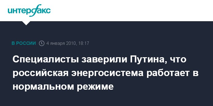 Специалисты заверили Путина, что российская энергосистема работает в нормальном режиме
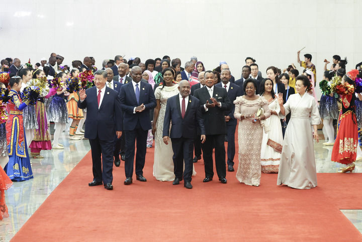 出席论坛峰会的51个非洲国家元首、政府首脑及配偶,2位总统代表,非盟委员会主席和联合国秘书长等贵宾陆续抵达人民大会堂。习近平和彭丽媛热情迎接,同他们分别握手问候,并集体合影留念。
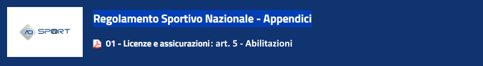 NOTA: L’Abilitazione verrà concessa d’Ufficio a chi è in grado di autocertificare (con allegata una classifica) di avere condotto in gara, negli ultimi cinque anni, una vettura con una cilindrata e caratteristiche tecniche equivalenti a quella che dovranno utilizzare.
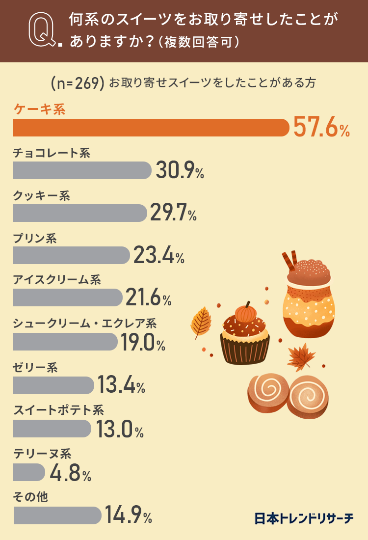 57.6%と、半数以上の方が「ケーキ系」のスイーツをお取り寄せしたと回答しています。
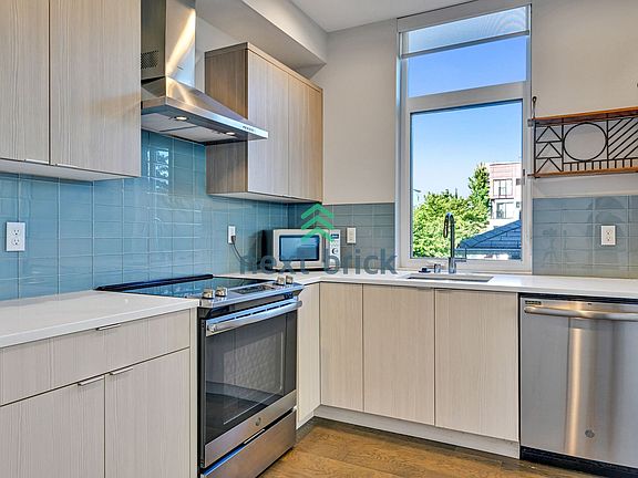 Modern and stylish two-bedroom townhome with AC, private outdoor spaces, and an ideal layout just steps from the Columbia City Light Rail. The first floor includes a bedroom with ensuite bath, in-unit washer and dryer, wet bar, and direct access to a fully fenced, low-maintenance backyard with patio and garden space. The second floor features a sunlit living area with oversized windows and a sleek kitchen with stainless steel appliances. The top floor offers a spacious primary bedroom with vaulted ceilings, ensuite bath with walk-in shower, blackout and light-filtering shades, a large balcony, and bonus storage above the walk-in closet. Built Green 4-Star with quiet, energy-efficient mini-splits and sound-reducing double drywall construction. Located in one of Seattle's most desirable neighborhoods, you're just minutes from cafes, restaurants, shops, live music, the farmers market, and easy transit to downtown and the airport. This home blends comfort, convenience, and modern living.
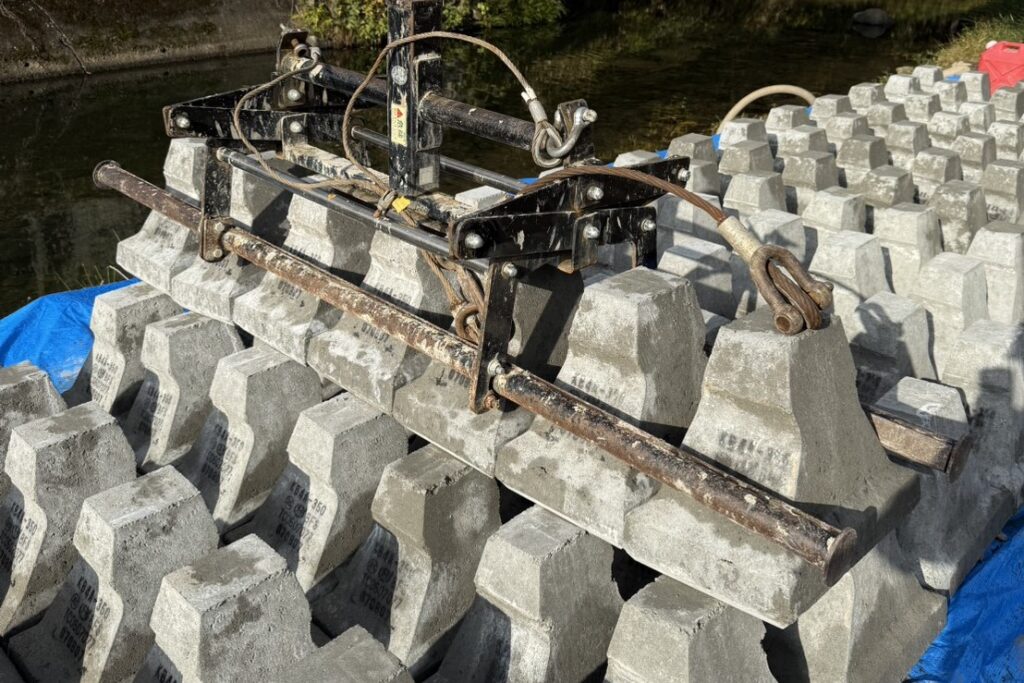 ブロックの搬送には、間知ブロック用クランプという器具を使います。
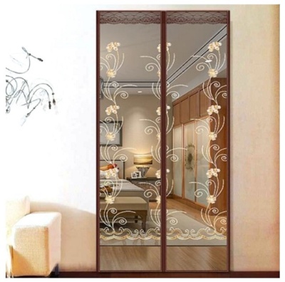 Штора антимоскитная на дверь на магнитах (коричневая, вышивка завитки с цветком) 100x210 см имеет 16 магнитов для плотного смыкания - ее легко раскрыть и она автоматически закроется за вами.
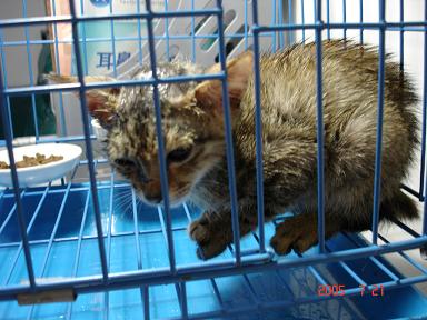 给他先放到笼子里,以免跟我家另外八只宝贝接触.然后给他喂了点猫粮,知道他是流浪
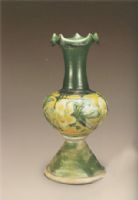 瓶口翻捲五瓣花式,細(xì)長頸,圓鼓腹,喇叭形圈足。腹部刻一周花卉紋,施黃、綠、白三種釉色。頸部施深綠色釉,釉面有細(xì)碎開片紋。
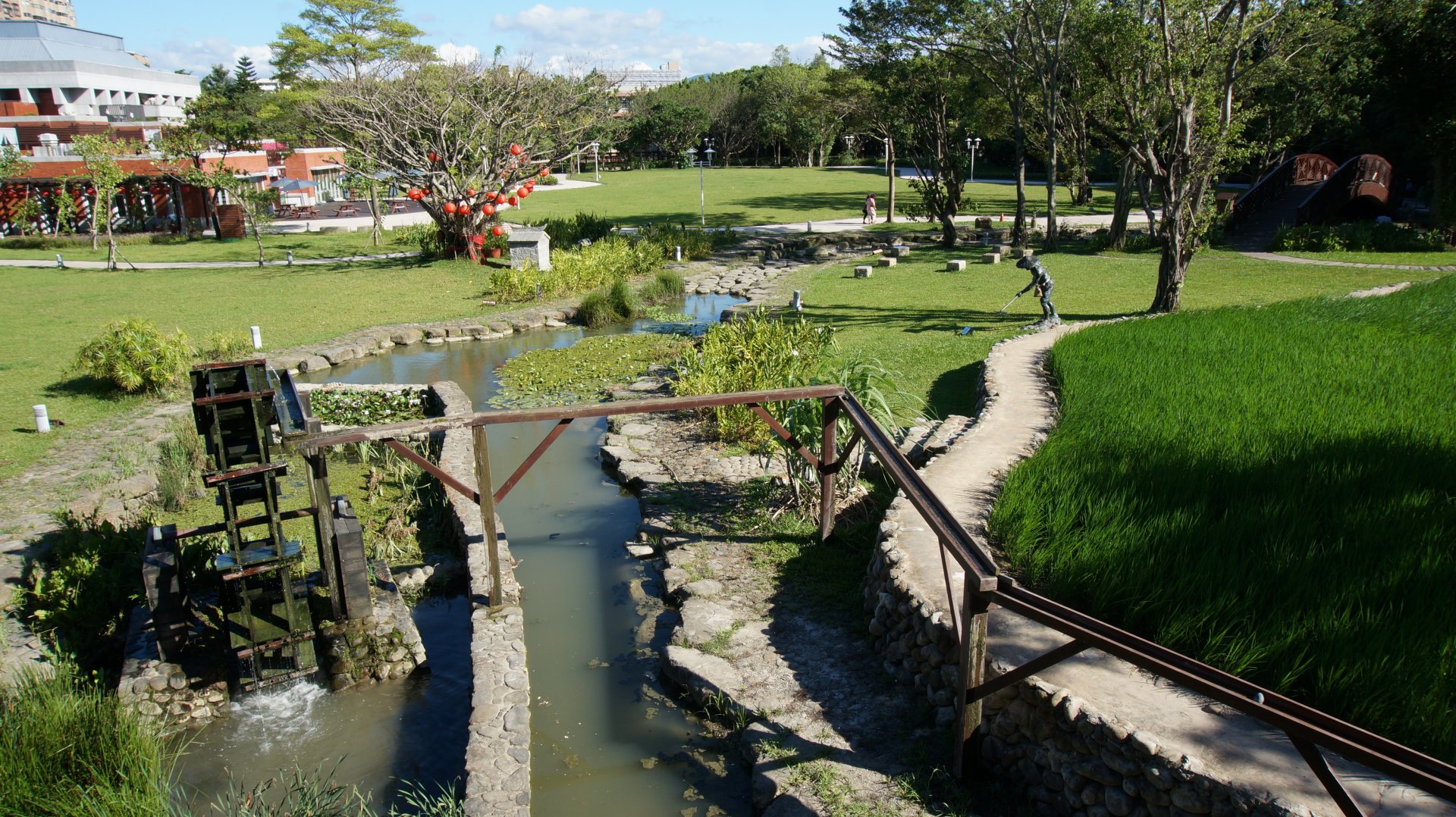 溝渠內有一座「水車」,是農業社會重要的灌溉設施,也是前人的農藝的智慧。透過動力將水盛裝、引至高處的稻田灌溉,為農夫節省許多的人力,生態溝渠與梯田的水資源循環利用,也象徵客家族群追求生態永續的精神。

• **EXERCISE DIRECTIONS**:
Starting with the first line of the data, transcribe every line exactly through the one containing "57.6%と、半数以上の方が". No pictures go in.

• **SOLUTION TO THIS TASK**:
 Специалисты заверили Путина, что российская энергосистема работает в нормальном режиме
 出席论坛峰会的51个非洲国家元首、政府首脑及配偶,2位总统代表,非盟委员会主席和联合国秘书长等贵宾陆续抵达人民大会堂。习近平和彭丽媛热情迎接,同他们分别握手问候,并集体合影留念。
 NOTA: L’Abilitazione verrà concessa d’Ufficio a chi è in grado di autocertificare (con allegata una classifica) di avere condotto in gara, negli ultimi cinque anni, una vettura con una cilindrata e caratteristiche tecniche equivalenti a quella che dovranno utilizzare.
 57.6%と、半数以上の方が「ケーキ系」のスイーツをお取り寄せしたと回答しています。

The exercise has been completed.